Cosmides and Tooby (1996) first proposed using natural frequencies in this way. We derive natural frequencies by observing cases representatively sampled from a population.

Hoffrage and Gigerenzer (1998) reported that this change in representation increased the proportion of correct answers among physicians from 10% to 46%.

There is evidence that you can get further gains through a frequency tree representation (e.g. Spiegelhalter and Gage (2015)). Below is one such tree from Gigerenzer (2011), which they compare with a tree using conditional probabilities.

The numbers at the bottom of the conditional probability tree do not contain the base rate information. You can’t simply compare them to calculate conditional probabilities. You need to refer to the middle layer. Conversely, the natural frequency tree contains all you need to calculate the conditional probability in the bottom row.

To illustrate this point, consider what happens if we convert the numbers at the bottom of the conditional probability tree into frequencies: 900 in 1000, 10 in 1000, 90 in 1000 and 910 in 1000. Gigerenzer calls these simple frequencies. While simple frequencies can make a problem more tractable, they do not allow us to calculate conditional probabilities. Simple frequencies are just a restatement of the probabilities. In contrast, natural frequencies are joint frequencies, such as the number of people who test positive and who have COVID-19.

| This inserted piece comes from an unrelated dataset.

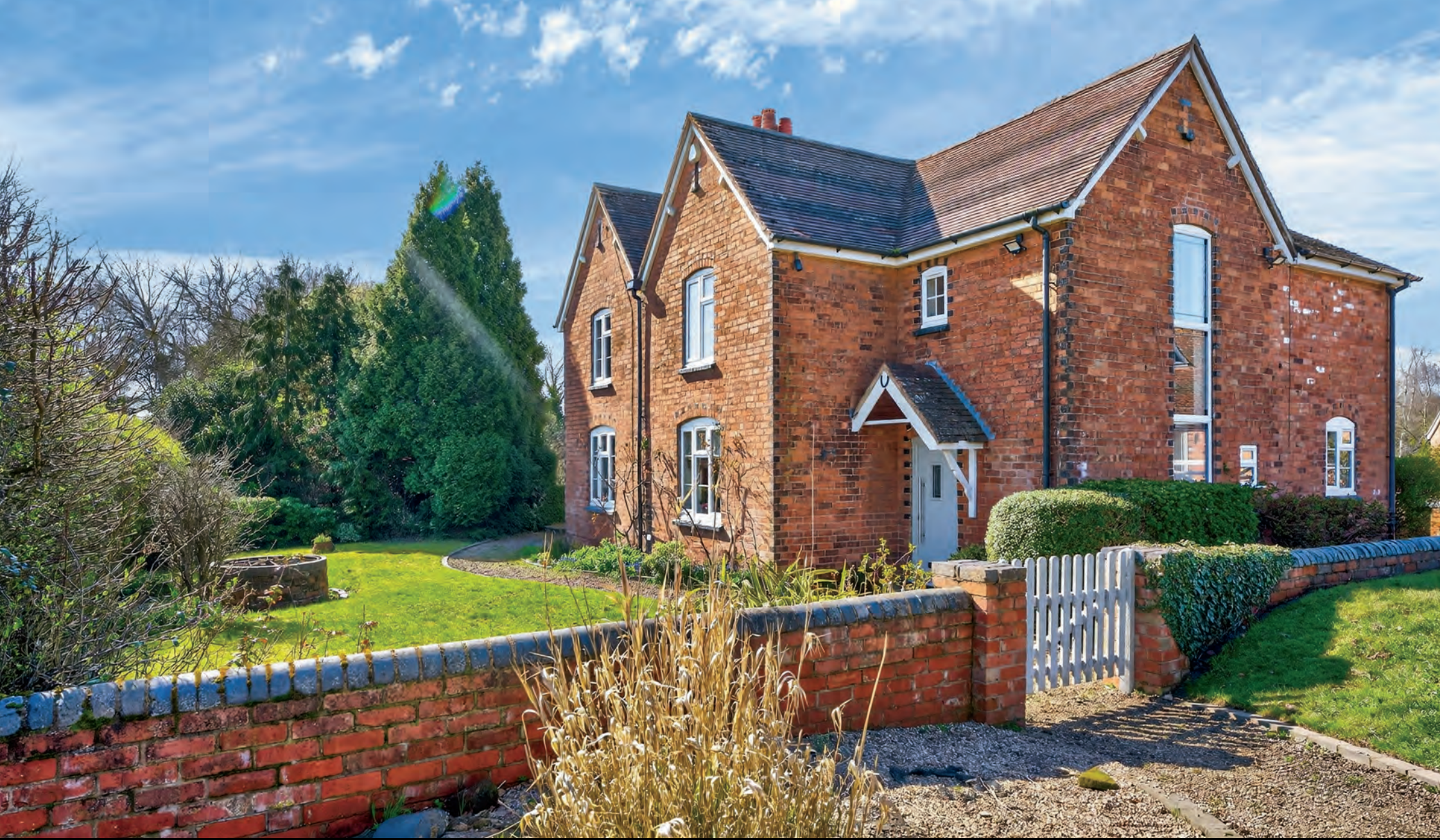
Hill Farm Cottage Doverdale | Droitwich | Worcestershire | WR9 0QA

#### 35.2.3.1 Identifying a finch

The following example provides another illustration of the use of Bayes’ rule and natural frequencies.

You are trying to spot a rare type of bird, the Darwin finch. It looks very similar to the Wallace finch, except for a slight difference in the shape of its beak. You know the following about the finches in your area:

• 99% of the finches are Wallace finches. The remaining 1% are Darwin finches.
• If you spot a Darwin finch, you will correctly identify it as a Darwin finch 95% of the time. The other 5% of the time, you identify it as a Wallace finch.
• If you spot a Wallace finch, you will correctly identify it as a Wallace finch 95% of the time. The other 5% of the time, you identify it as a Darwin finch.

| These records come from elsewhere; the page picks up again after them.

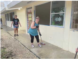
The First Lady Cleans Up
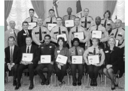
Over 15 public servants were recognized at the Chamber's September Public Servant's Appreciation Luncheon.
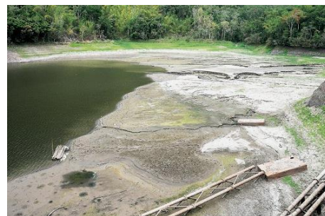
Photograph 2. Hermitage Dam
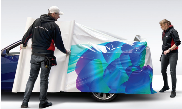
Easy repositioning due to Easy Apply™ technology and a low initial tack.
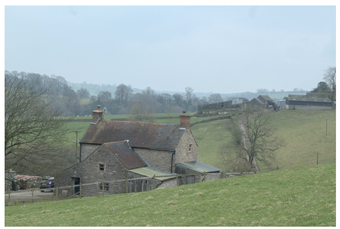
P1036118 - Rushley.

You spot a finch and identify it as a Darwin finch.

What is the probability that the finch is a Darwin finch?

First, I use Bayes’ rule to calculate the probability.

\begin{align*} P(D|I)&=\frac{P(I|D)P(D)}{P(I)} \\[6pt] &=\frac{P(I|D)P(D)}{P(I|D)P(D)+P(I|\neg D)P(\neg D)} \\[6pt] &=\frac{0.95\times 0.01}{0.95\times 0.01 + 0.05\times 0.99} \\[6pt] &=0.16 \end{align*}

The probability that it is a Darwin finch is 16%.

Next, I use natural frequencies to calculate that same conditional probability.

Suppose there are 10,000 finches.

That would mean there are 100 Darwin finches and 9,900 Wallace finches.

If I spotted these 100 Darwin finches, I would identify 95 as Darwin finches.

If I spotted a Wallace Finch, I would identify 0.05\times 9900=495 as Darwin Finches.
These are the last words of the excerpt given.